For his part, Schrems said that there was a lot of alarmist talk about the ruling that wasn’t justified:
It is clear from the judgement applies to a limited set of situations, such as outsourcing of EU data processing operations to US providers. The court could have allowed for a transitionary period, to allow a smoother implementation even in these limited cases, but did not chose this option. The average consumer will not see any restrictions in daily use, but will hopefully soon be able to use online services without potentially being subject to mass surveillance.
However, US companies that obviously aided US mass surveillance (e.g. Apple, Google, Facebook, Microsoft and Yahoo) may face serious legal consequences from this ruling when data protection authorities of 28 member states review their cooperation with US spy agencies. This is despite the fact that many of these companies rely on other transfer methods (under Article 26) and the ruling was on ‘Safe Harbor’ (under Article 25), because the court primarily argued on a fundamental rights basis, that applies to all means of data transfers to the US.

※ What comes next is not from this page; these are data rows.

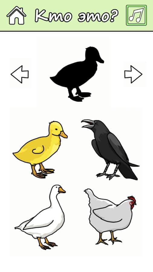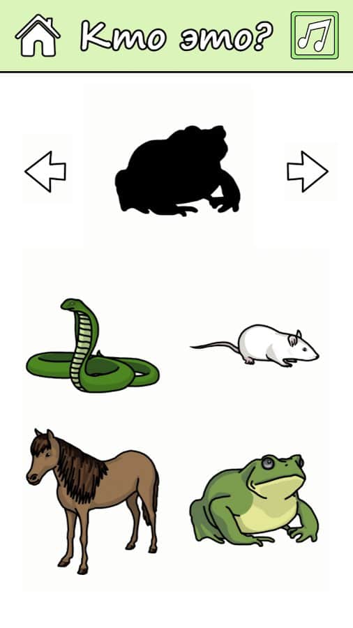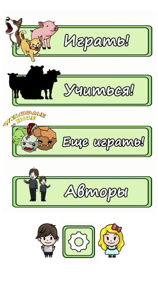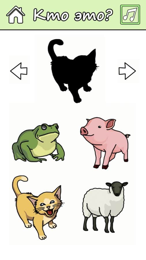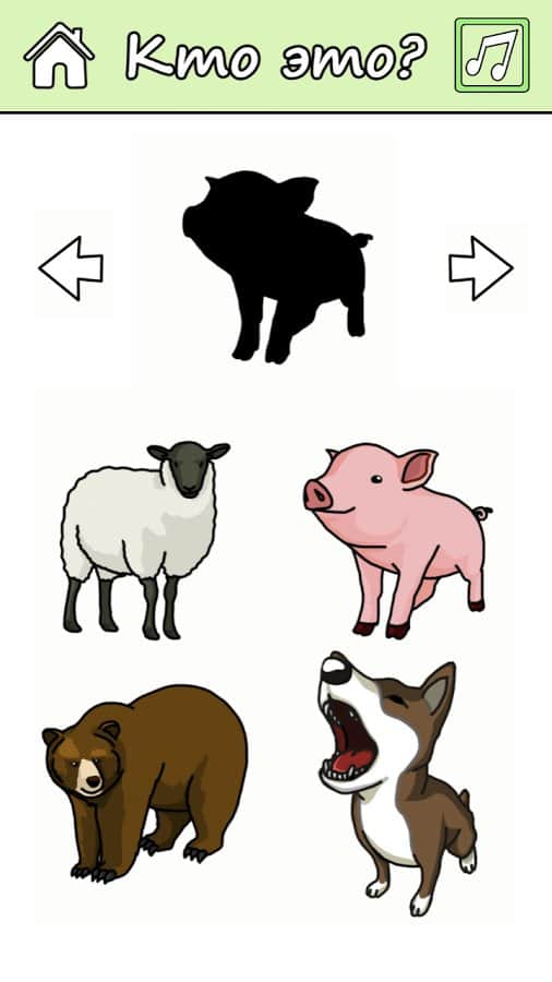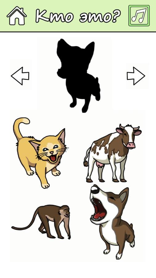 Второй режим «Учиться» в этом режиме ваш ребенок не будет видеть животное, а только его силуэт и ему необходимо отгадать его название и звук из четырех вариантов предложенных в игре. Также чтобы повторить голос диктора, который задает вопрос, нажмите на специальную кнопку.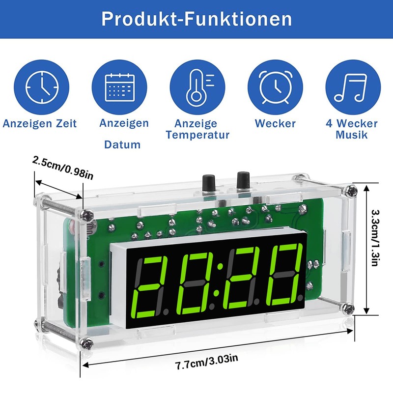 - 【Light-controlled temperature clock kit】: the practical soldering kit is used to install a 4-digit digital light-controlled temperature LED electronic clock. The current date (year, month, day, week), time, temperature in real time, alarm clock music. The user can set the alarm according to their needs. The brightness can be adjusted automatically or manually.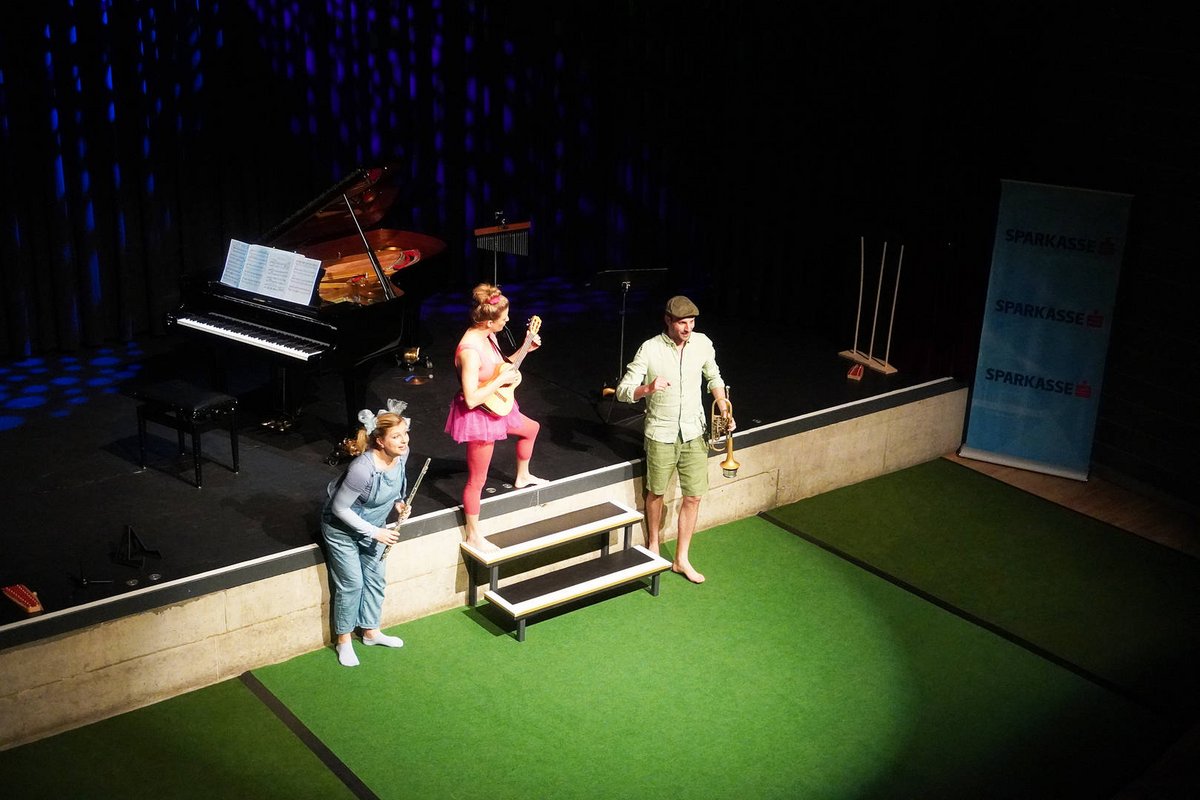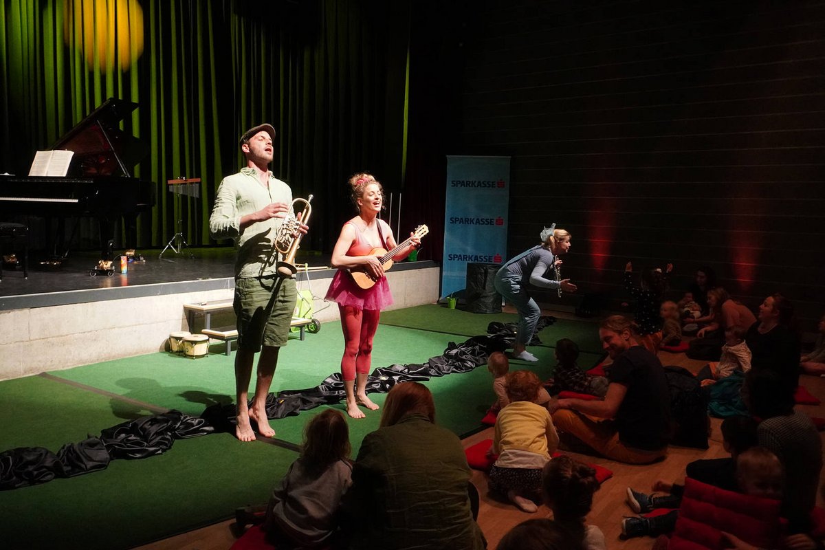Unter dem Titel „Spielen auf der Blumenwiese“ startete die Kleinkinderkonzertreihe am Dienstag, 22. März, um 14 und ein weiteres Mal um 16 Uhr, mit zwei restlos ausverkauften Vorstellungen in die nächste Runde. Diesmal kreuchte und fleuchte, klackte und knackste, summte und brummte es beim Konzert in der Remise. Und die junge Zuhörerschaft zeigte sich begeistert: Tanzen, Mitsingen, Klatschen und neugieriges Ausprobieren der Instrumente stand auf dem Programm. Auf der Bühne warteten summende Bienchen, singende Frösche, klingelnde Gänseblümchen, hustende Regenwürmer und tanzende Fische, die von den kleinen Besucher*innen begeistert entdeckt wurden. Das Trio „Pfiffikus“ ließ mit verschiedenen musikalischen Stilrichtungen und Genres nicht nur das junge Publikum mittanzen.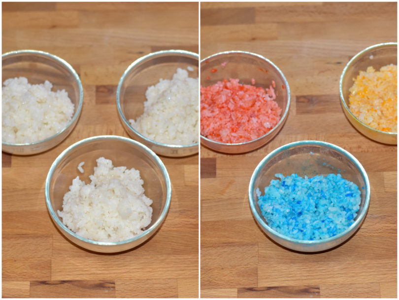 Dividetelo in 3 ciotoline e unite una polvere diversa (curcuma, spirulina, barbabietola) a ognuna di essa, in modo da colorarlo.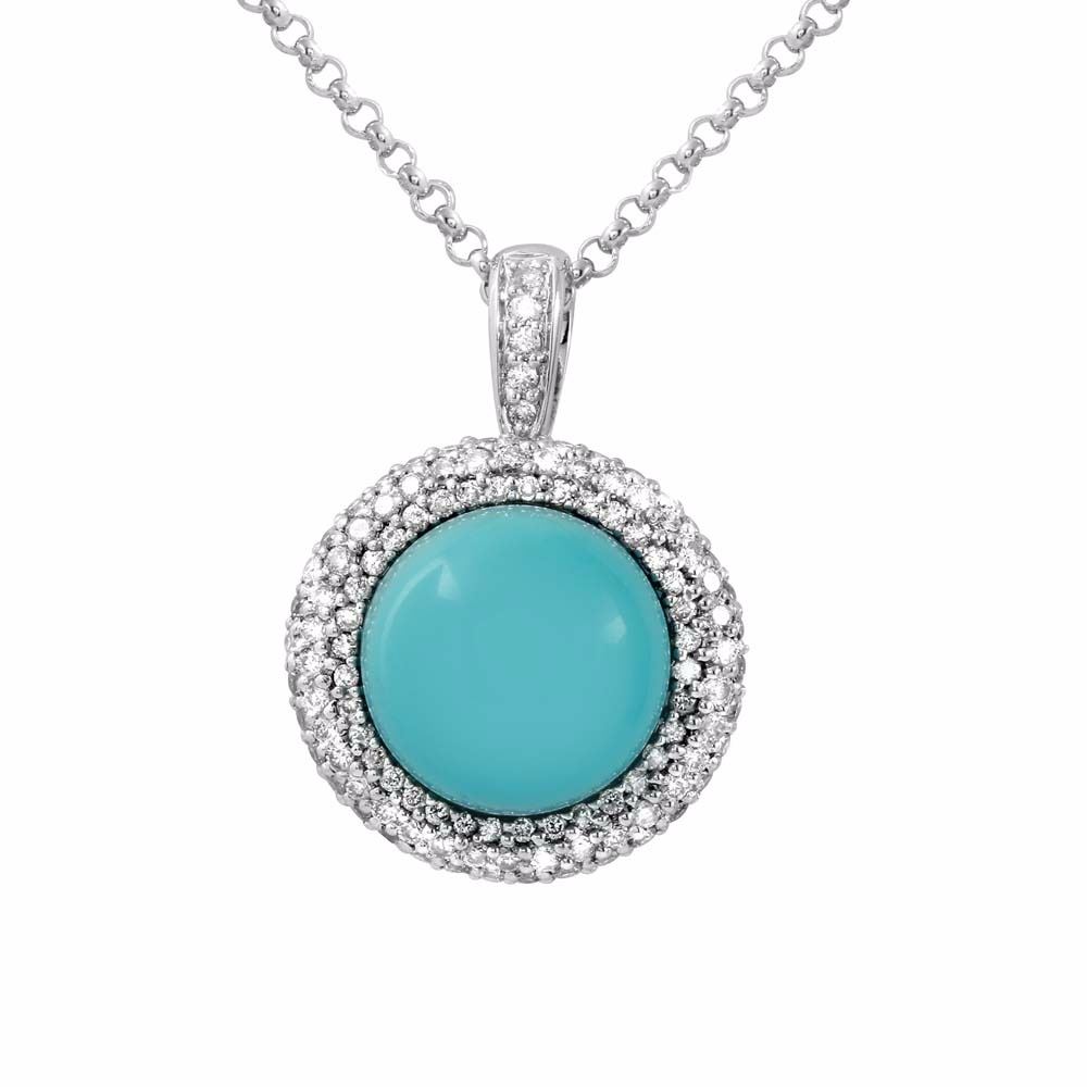 One 14KT White Gold 6.84ct Turquoise and Diamond Pendant with Chain. (1) Turquoise stone with a total weight of 6.84cts. (149) Round Diamonds with a total weight of 2.47cts. Total weight of this pendant with chain is 10.95 grams. Total weight of this pendant with chain is 10.95 grams.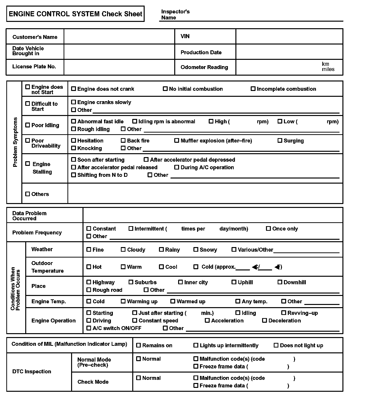 Engine Control System Check Sheet: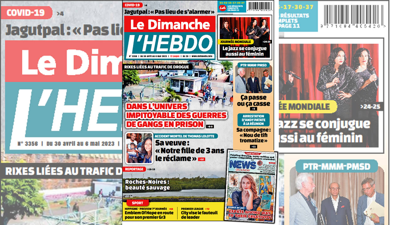 ? Voici la Une de Le Dimanche/L'Hebdo. Le journal est en vente à Rs 20 l'exemplaire aux endroits habituels (supermarchés, boutiques, tabagies, superettes). Bonne lecture !

And he took time out to thank one person whose actions exposed a scandal, but cast a shadow over the cloud industry:
This result was only possible because of the revelations by Edward Snowden.
It’s ironic that Commissioner Jourová’s predecessor made great play of her threat to have Safe Harbor declared unsafe. Brussels is now finding that ‘be careful what you wish for’ is all too true.
But while there’s a pleasing element of schadenfreude about watching the Justice Commissioner having to try to convince everyone that this isn't a big deal, in reality it really is.
And as various voices are pointing out today, the real loser here could be the European digital economy.